La pratique décisionnelle française en matière de contrôle des concentrations s'est déjà adaptée aux spécificités du secteur numérique. Lorsqu’elle a exercé son contrôle sur une opération de concentration réalisée sur le marché biface des petites annonces immobilières en ligne (V. décision Aut. Conc. n° 18-DCC-18 du 1er février 2018, 18-DCC-18.), l’Autorité a pris en considération la concurrence potentielle des plateformes numériques structurantes, telles que Google, Amazon et Facebook. Dans la décision Darty/Fnac relative au secteur de la distribution au détail (Décision Aut. conc. n° 16-DCC-111 du 27 juillet 2016, 16-DCC-111, concernant la distribution au détail de produits électroniques bruns et gris. - Dans le même sens, V. décision Aut. conc. n° 19-DCC-65 du 17 avril 2019, 19-DCC-65 concernant la distribution de jouet au détail et n° 19-DCC-199 du 28 octobre 2019, 19-DCC-199, concernant la distribution au détail d'accès à internet et n° 19-DCC-132 du 16 juillet 2019, 19-DCC-132, concernant la vente au détail de livres neufs.), elle est revenue sur la délimitation du marché pertinent en y intégrant désormais les ventes en ligne et a centré son analyse concurrentielle de l’impact de la concentration sur l’intérêt du consommateur en jugeant que le rapprochement de réseaux de magasins physiques, auxquels s'ajoute la vente à distance, était susceptible d'engendrer une dégradation de la qualité de l'offre proposée au consommateur en magasin, notamment en termes de services (conditions d'accueil, de conseil, de service après-vente ou d'horaires d'ouverture).
3) Faut-il faire évoluer les règles de concurrence ?

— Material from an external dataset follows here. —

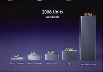 The Know Now example is a path to sharing a product vision with employees and customers. Steve Jobs at the end of the iPhone product launch provides an example of what investors need – some idea of the business potential of your product and vision. He showed a bar chart of the volume of units sold of different digital devices in 2006. The mobile phone makers sold 957 million units in 2006 dwarfing other digital devices.

Même si l’expérience récente montre que les autorités de concurrence ont su faire usage des outils existants pour traiter des questions nouvelles posées par le développement du numérique, des adaptations à droit constant ou même de véritables modifications du droit existant paraissent souhaitables pour qu'elles se montrent plus réactives sans pour autant entraver le développement d'offres nouvelles ou de l’innovation.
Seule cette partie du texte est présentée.